• ABOUT THIS EXERCISE:
Transcribe exactly the lines from the one containing "This Easter greeting" through the end of the data, both included. Leave out pictures.

• RAW DATA:
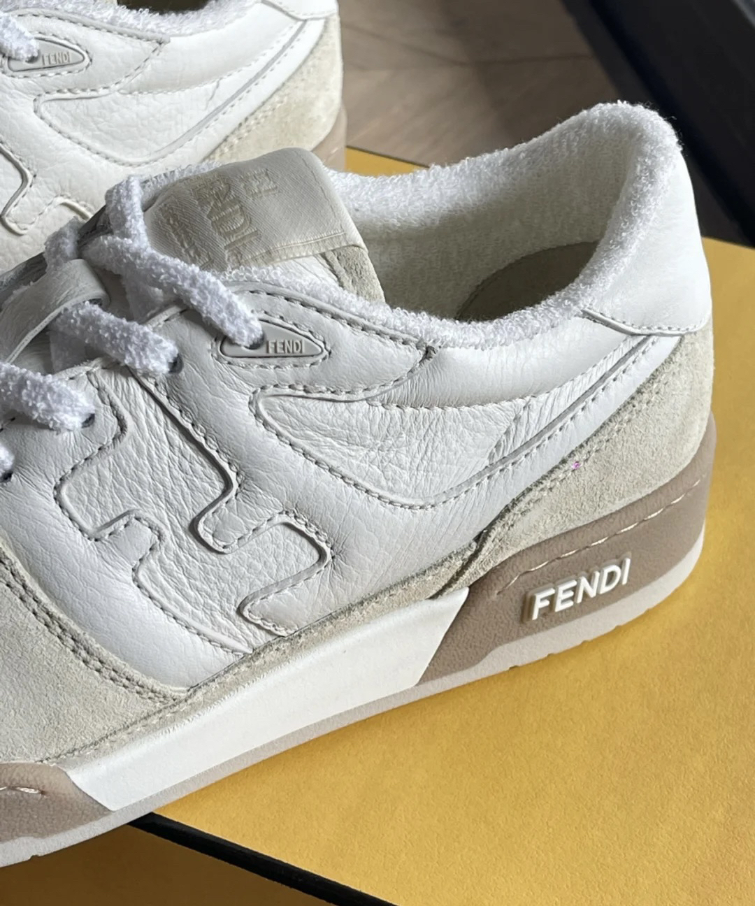本篇笔记关联了FENDI/芬迪 Match 板鞋 舒适减震耐磨圆头牛皮绒面复古百搭时尚运动 白色/黄色等商品,为用户提供真实的使用体验和购买参考。
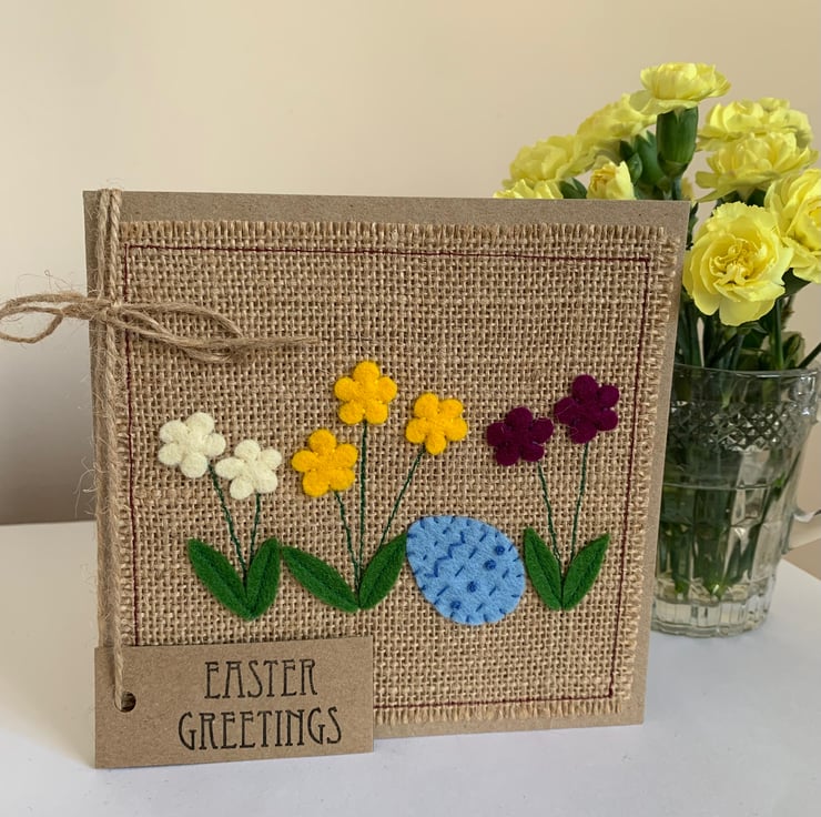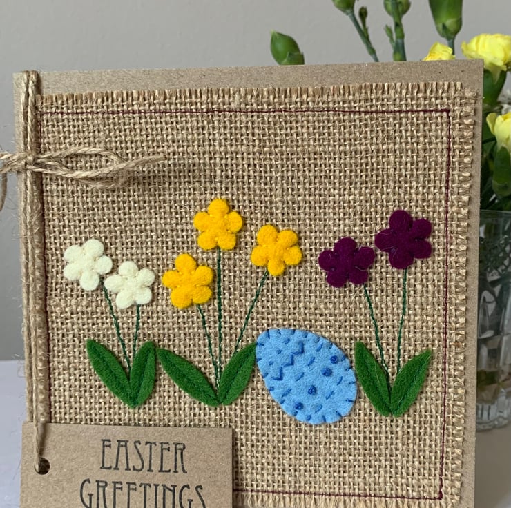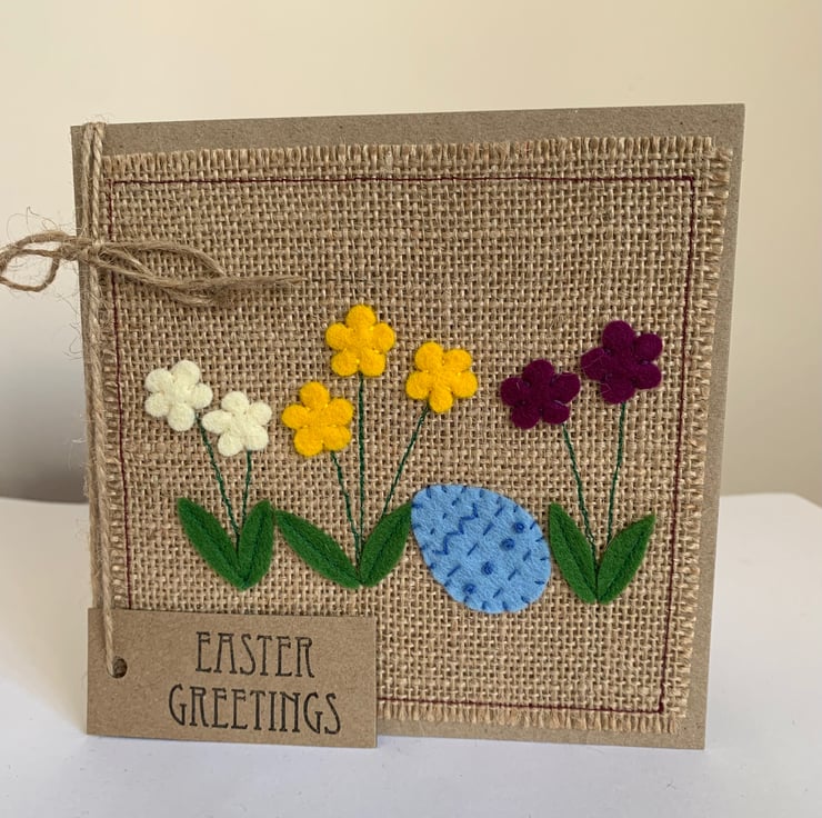 This Easter greeting card is decorated with flowers in cream, yellow and mulberry alongside a decorated sky blue egg. The decoration is hand cut from 100% wool felt and sewn by hand and machine onto a hessian background.
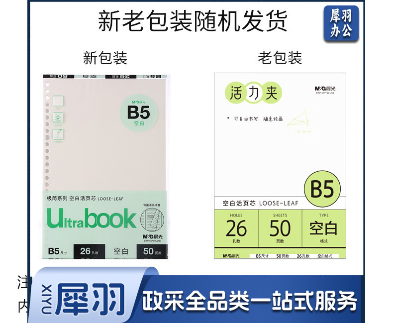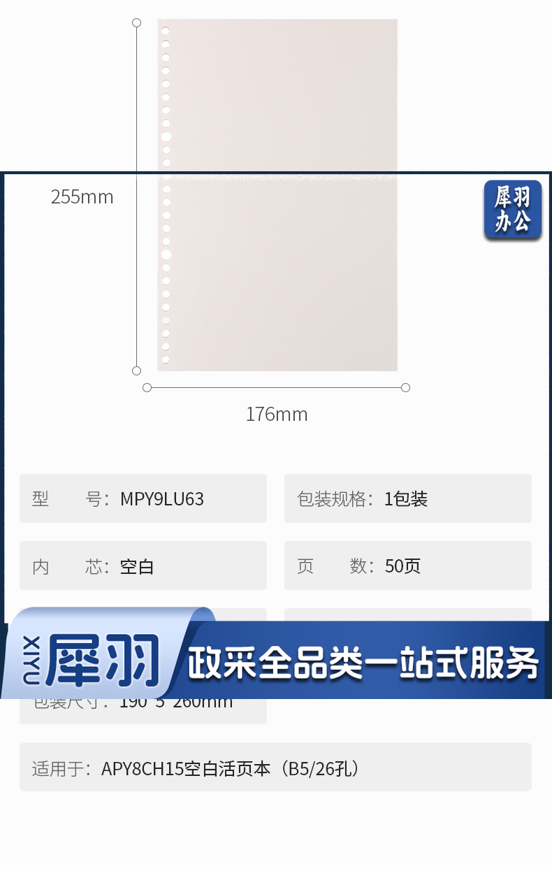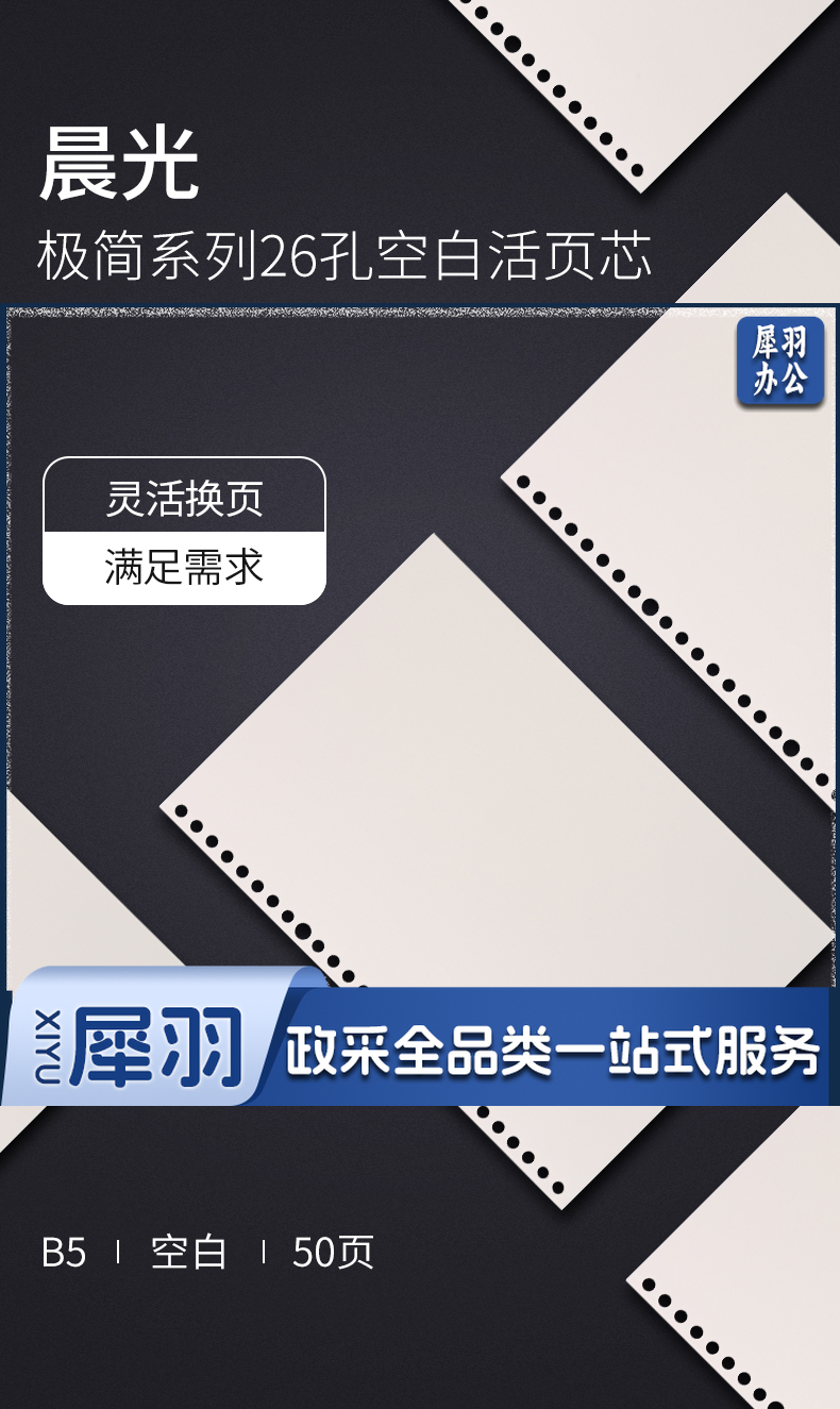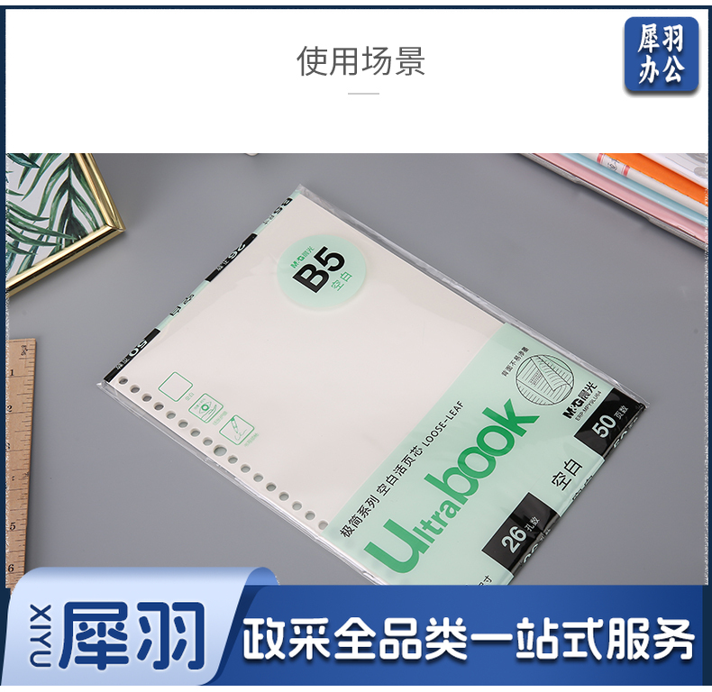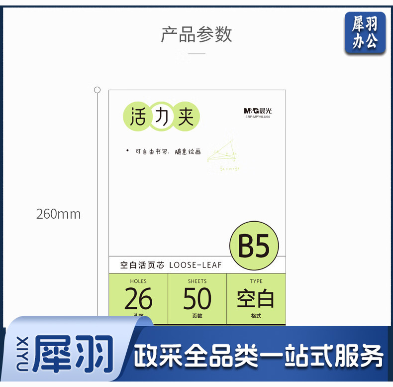 晨光(M&G)MPY9LU64 文具B5/26孔米色空白活页替芯 记事本笔记本子 活页纸替换内芯线圈纸 50张/包

• RESULT FOR THIS TASK:
 This Easter greeting card is decorated with flowers in cream, yellow and mulberry alongside a decorated sky blue egg. The decoration is hand cut from 100% wool felt and sewn by hand and machine onto a hessian background.
 晨光(M&G)MPY9LU64 文具B5/26孔米色空白活页替芯 记事本笔记本子 活页纸替换内芯线圈纸 50张/包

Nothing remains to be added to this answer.